Maurois encerra seus apontamentos sobre a morte com esse lindo pensamento: “ É um feliz destino envelhecer e morrer no meio daqueles com os quais se cresceu e combateu. Enfim, sede modestos e audazes. Amar, pensar, trabalhar, comandar todas essas ações são difíceis e não chegareis no curso de vossa existência terrestre a fazer nenhuma delas tão perfeitamente quanto vossa adolescência o sonhara. Mas tão árduas quanto possam parecer não são entretanto impossíveis. Antes de vós as gerações inumeráveis dos homens as realizaram, e, bem ou mal, atravessaram, entre dois desertos de sombra, a estreita luz da vida. Que temeis? O papel é curto e o público mortal como vós mesmos”.

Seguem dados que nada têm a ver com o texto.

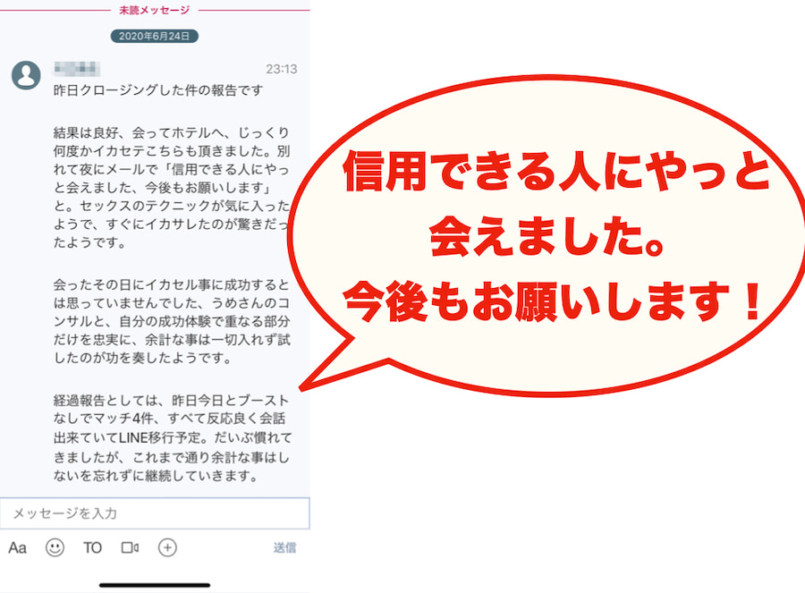 実際に童貞からノウハウを実行し、すでに直ホテルが決まった人。
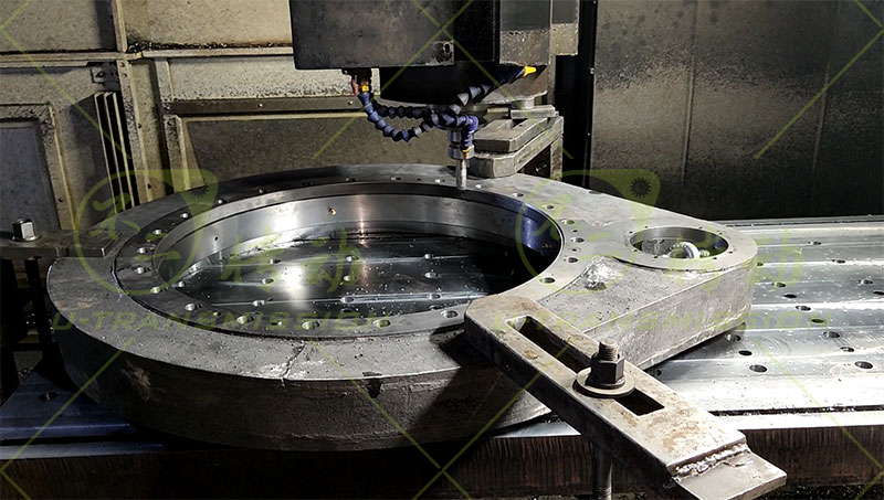 重載加強(qiáng)型0800齒輪式回轉(zhuǎn)驅(qū)動(dòng)應(yīng)用在工程機(jī)械上,針對(duì)客戶的工況,不二傳動(dòng)工程師在常規(guī)重載驅(qū)動(dòng)的基礎(chǔ)上進(jìn)行改進(jìn),優(yōu)化設(shè)計(jì),對(duì)關(guān)鍵部件進(jìn)行加強(qiáng),對(duì)可能出現(xiàn)問題的部件進(jìn)行高可靠性設(shè)計(jì),確保驅(qū)動(dòng)在使用中穩(wěn)定可靠?;剞D(zhuǎn)驅(qū)動(dòng)的齒圈和齒輪采用表面淬火,淬火工藝采用單齒淬火,保證齒表面堅(jiān)硬耐磨,承載高,齒芯部柔軟耐沖擊,在大扭矩和沖擊載荷的情況下保證齒的可靠性。

O leitor deve estar se perguntando e até clamando não pela morte, mas pela ventura da vida: “ e a Eneida?” Bem, com a idade de 20 anos, imaturo, ia me apaixonando por muitas Eneidas da vida. Na verdade, houve também um susto de minha mãe, pela grande diferença de idade, tendo havido um boicote familiar. Debaixo de intenso "tiroteio" familiar, o amor durou apenas um ano e não prosseguiu, mas ficou uma compensação, a admiração pela moça permaneceu. E para que eu não fique com remorso pela minha inconstância juvenil, talvez caiba aqui o pensamento de Byron, citado pelo meu amigo Maurois. Disse ele: “É mais fácil morrer pela mulher que se ama do que viver com ela”. Sem vírgulas, naturalmente.
Nota: Com alterações, mais uma republicação, pois com exceção do Seminale, do "primo" Marcio Félix, Maju, Lena Pena e Millaray, ninguém mais leu esta crônica.
O motivo de algumas republicações tem como motivo minha falta de tempo, em razão de problemas de saúde na família. E não desejo, mesmo assim, me desligar do Recanto.